Segment Start: RECORD EXCERPTS

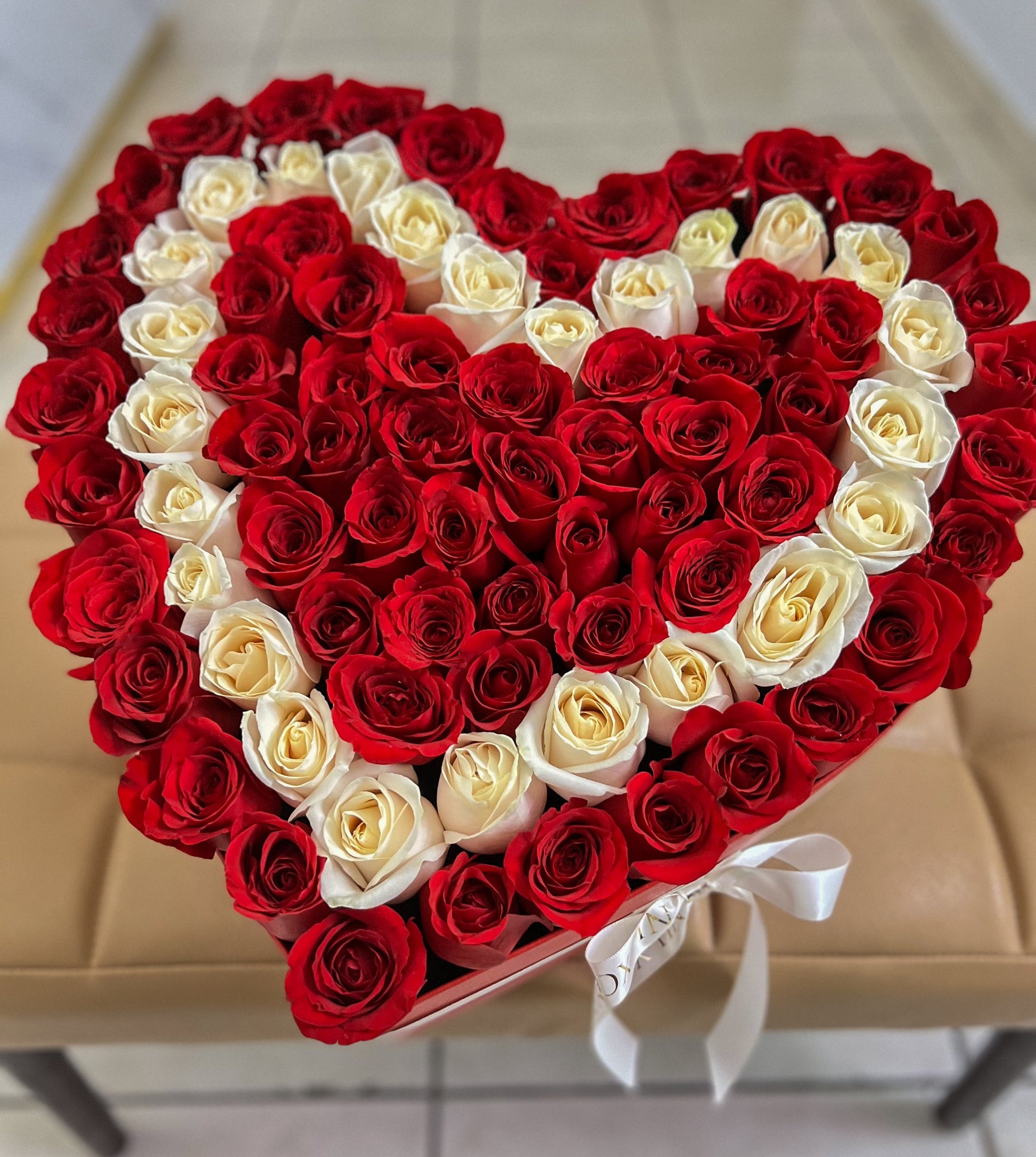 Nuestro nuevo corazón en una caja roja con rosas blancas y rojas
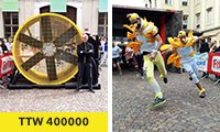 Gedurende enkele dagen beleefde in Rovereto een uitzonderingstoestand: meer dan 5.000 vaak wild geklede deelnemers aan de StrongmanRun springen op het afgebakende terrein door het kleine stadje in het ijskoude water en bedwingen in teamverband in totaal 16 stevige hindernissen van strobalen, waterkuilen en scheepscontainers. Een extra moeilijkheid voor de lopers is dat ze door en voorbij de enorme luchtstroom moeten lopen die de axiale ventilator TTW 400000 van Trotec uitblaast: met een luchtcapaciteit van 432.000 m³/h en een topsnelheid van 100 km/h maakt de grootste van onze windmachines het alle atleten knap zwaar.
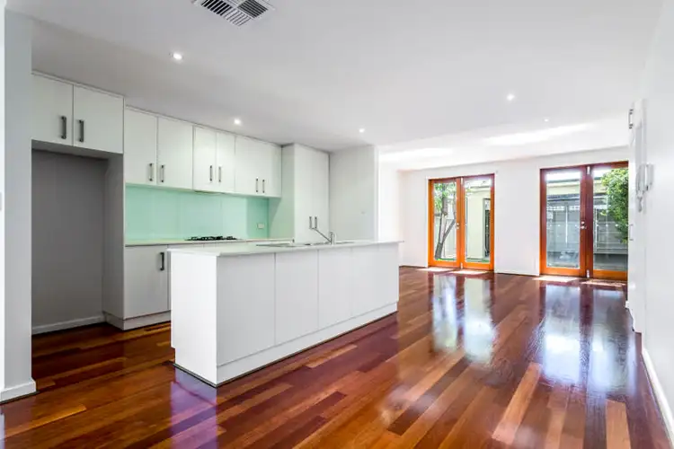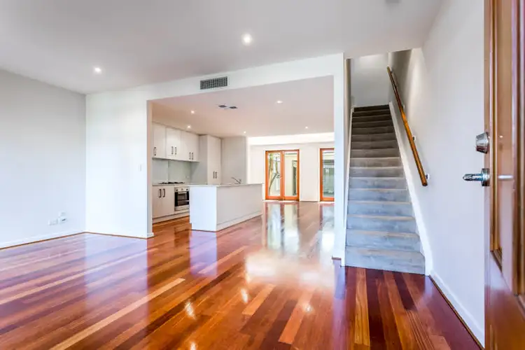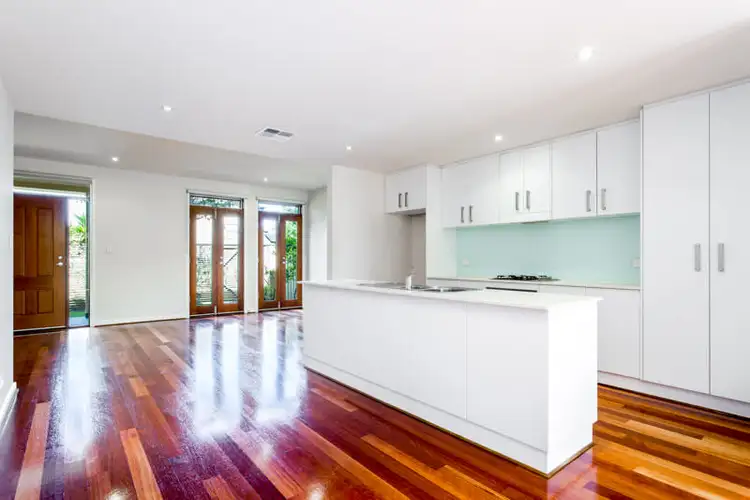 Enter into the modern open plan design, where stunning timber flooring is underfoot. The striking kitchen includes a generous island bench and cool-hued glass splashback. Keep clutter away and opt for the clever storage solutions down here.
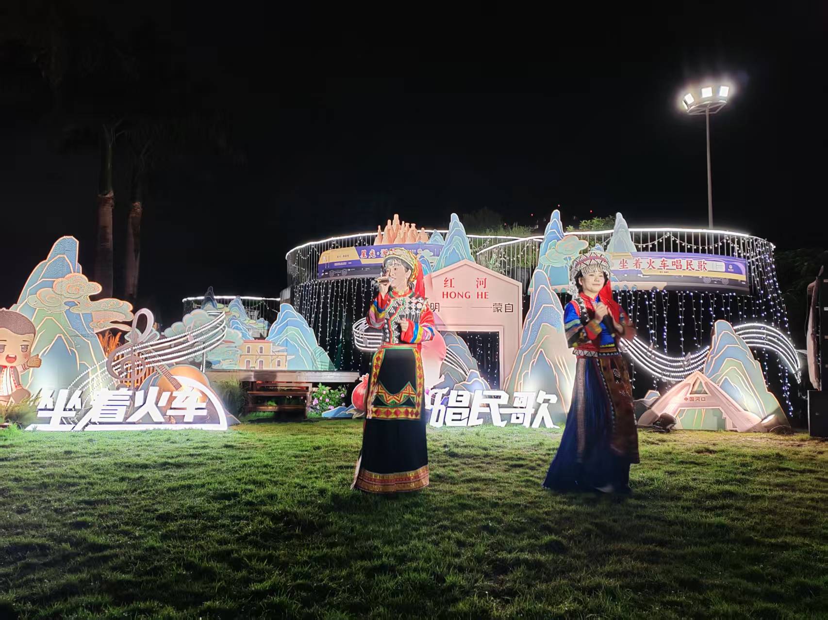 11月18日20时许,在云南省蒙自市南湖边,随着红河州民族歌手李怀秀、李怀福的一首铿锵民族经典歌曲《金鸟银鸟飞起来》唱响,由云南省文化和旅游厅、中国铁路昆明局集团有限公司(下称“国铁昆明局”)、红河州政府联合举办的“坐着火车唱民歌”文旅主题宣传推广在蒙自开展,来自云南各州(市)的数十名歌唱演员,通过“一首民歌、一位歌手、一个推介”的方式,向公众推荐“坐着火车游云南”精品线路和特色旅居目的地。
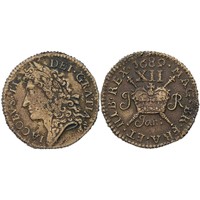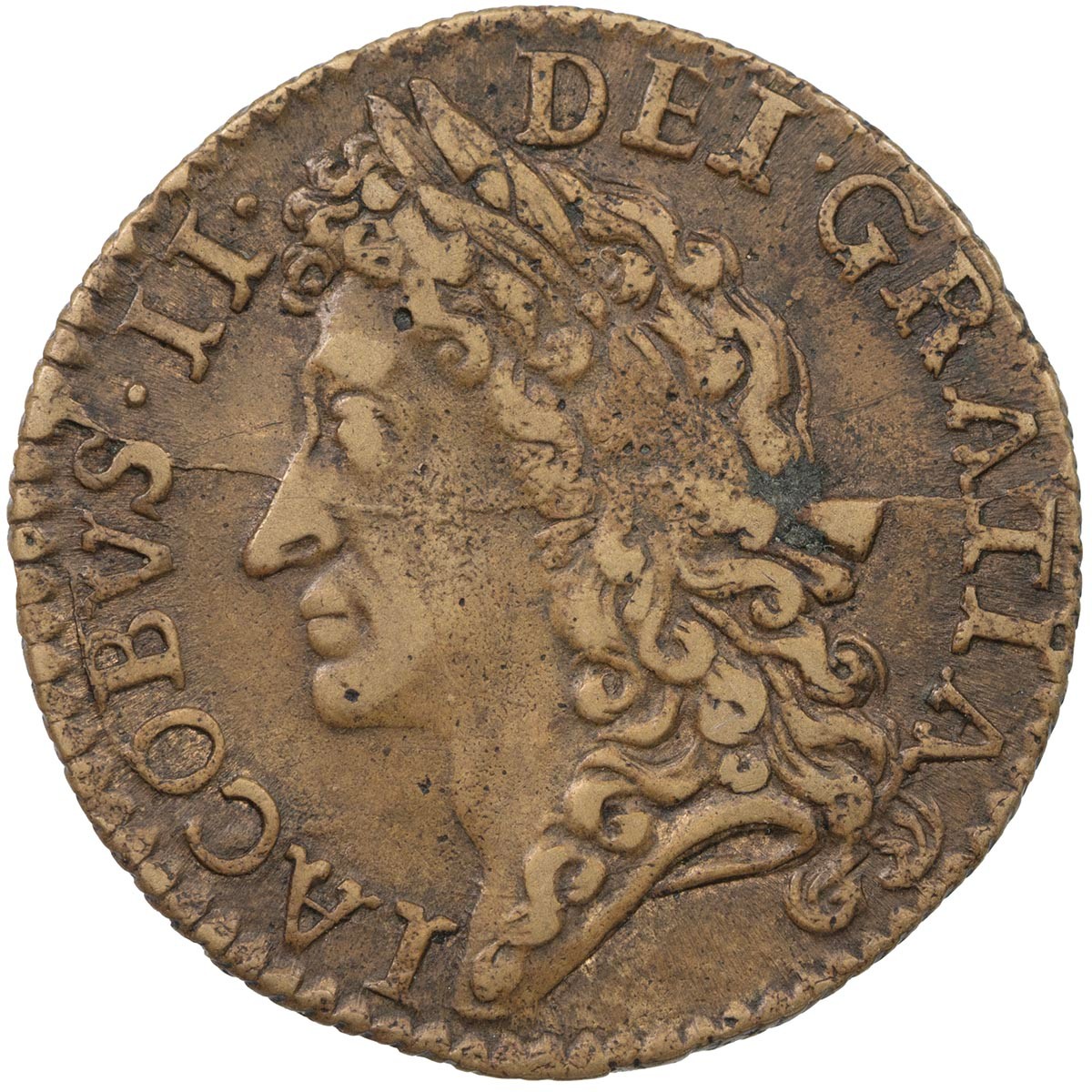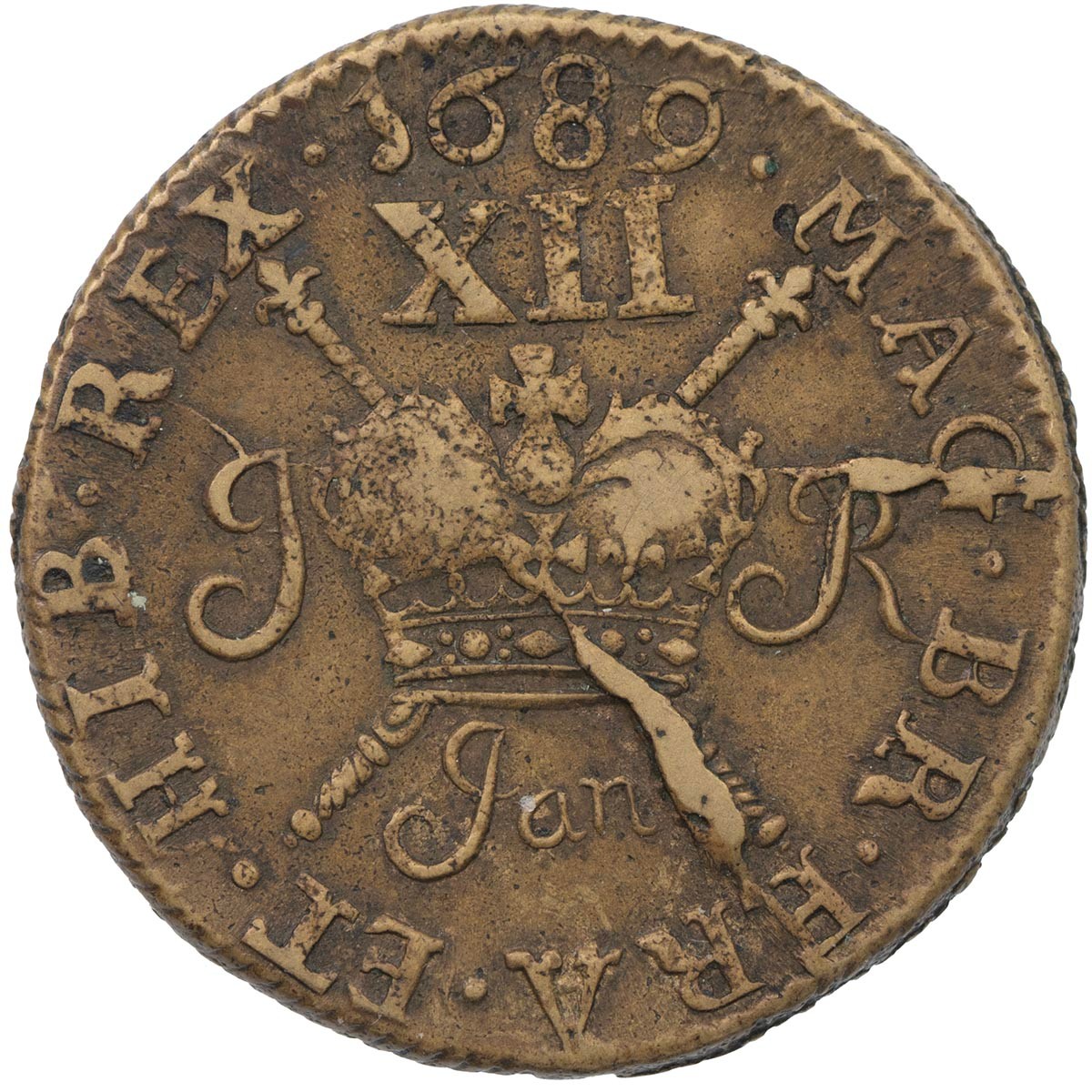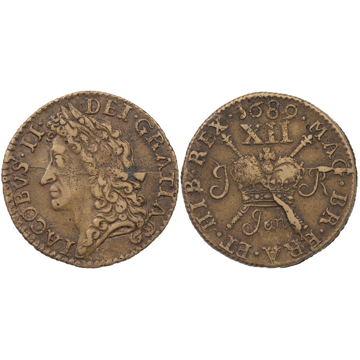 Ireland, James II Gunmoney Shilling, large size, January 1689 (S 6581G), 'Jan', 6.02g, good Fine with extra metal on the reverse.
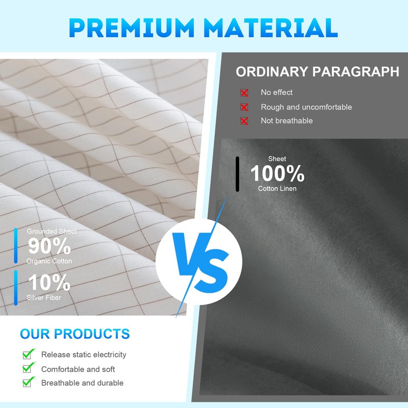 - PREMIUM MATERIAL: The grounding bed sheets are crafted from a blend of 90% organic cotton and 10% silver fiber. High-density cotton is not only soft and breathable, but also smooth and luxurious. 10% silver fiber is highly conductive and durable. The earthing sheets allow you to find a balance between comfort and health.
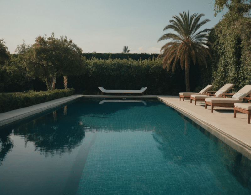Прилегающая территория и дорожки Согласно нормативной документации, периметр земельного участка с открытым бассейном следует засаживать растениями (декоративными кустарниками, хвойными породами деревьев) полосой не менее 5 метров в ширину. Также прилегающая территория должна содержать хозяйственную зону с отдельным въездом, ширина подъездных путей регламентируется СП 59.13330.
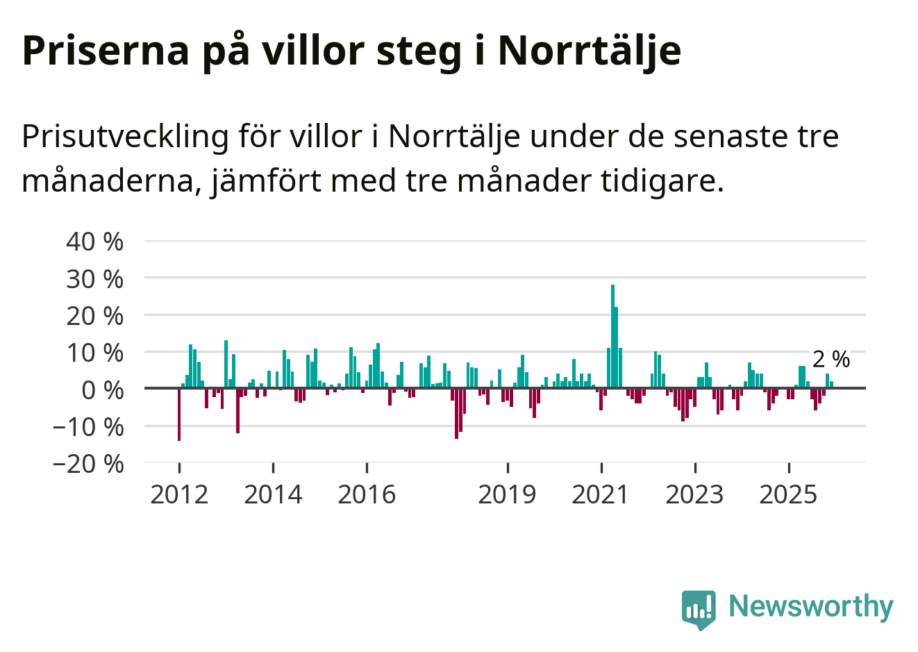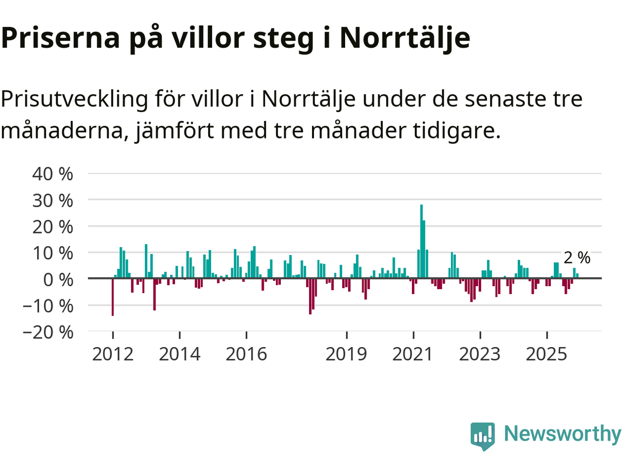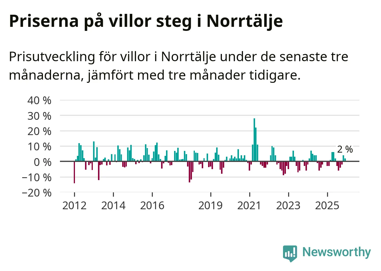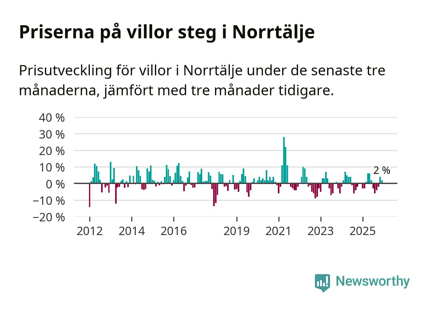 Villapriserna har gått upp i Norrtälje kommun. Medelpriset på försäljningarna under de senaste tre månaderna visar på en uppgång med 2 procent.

Segment End: RECORD EXCERPTS

REQUIRED WORK: Every record above, copied exactly and without a single picture, makes up the answer.

RESPONSE TO THE EXERCISE:
 Nuestro nuevo corazón en una caja roja con rosas blancas y rojas
 Gedurende enkele dagen beleefde in Rovereto een uitzonderingstoestand: meer dan 5.000 vaak wild geklede deelnemers aan de StrongmanRun springen op het afgebakende terrein door het kleine stadje in het ijskoude water en bedwingen in teamverband in totaal 16 stevige hindernissen van strobalen, waterkuilen en scheepscontainers. Een extra moeilijkheid voor de lopers is dat ze door en voorbij de enorme luchtstroom moeten lopen die de axiale ventilator TTW 400000 van Trotec uitblaast: met een luchtcapaciteit van 432.000 m³/h en een topsnelheid van 100 km/h maakt de grootste van onze windmachines het alle atleten knap zwaar.
 Enter into the modern open plan design, where stunning timber flooring is underfoot. The striking kitchen includes a generous island bench and cool-hued glass splashback. Keep clutter away and opt for the clever storage solutions down here.
 11月18日20时许,在云南省蒙自市南湖边,随着红河州民族歌手李怀秀、李怀福的一首铿锵民族经典歌曲《金鸟银鸟飞起来》唱响,由云南省文化和旅游厅、中国铁路昆明局集团有限公司(下称“国铁昆明局”)、红河州政府联合举办的“坐着火车唱民歌”文旅主题宣传推广在蒙自开展,来自云南各州(市)的数十名歌唱演员,通过“一首民歌、一位歌手、一个推介”的方式,向公众推荐“坐着火车游云南”精品线路和特色旅居目的地。
 Ireland, James II Gunmoney Shilling, large size, January 1689 (S 6581G), 'Jan', 6.02g, good Fine with extra metal on the reverse.
 - PREMIUM MATERIAL: The grounding bed sheets are crafted from a blend of 90% organic cotton and 10% silver fiber. High-density cotton is not only soft and breathable, but also smooth and luxurious. 10% silver fiber is highly conductive and durable. The earthing sheets allow you to find a balance between comfort and health.
Прилегающая территория и дорожки Согласно нормативной документации, периметр земельного участка с открытым бассейном следует засаживать растениями (декоративными кустарниками, хвойными породами деревьев) полосой не менее 5 метров в ширину. Также прилегающая территория должна содержать хозяйственную зону с отдельным въездом, ширина подъездных путей регламентируется СП 59.13330.
 Villapriserna har gått upp i Norrtälje kommun. Medelpriset på försäljningarna under de senaste tre månaderna visar på en uppgång med 2 procent.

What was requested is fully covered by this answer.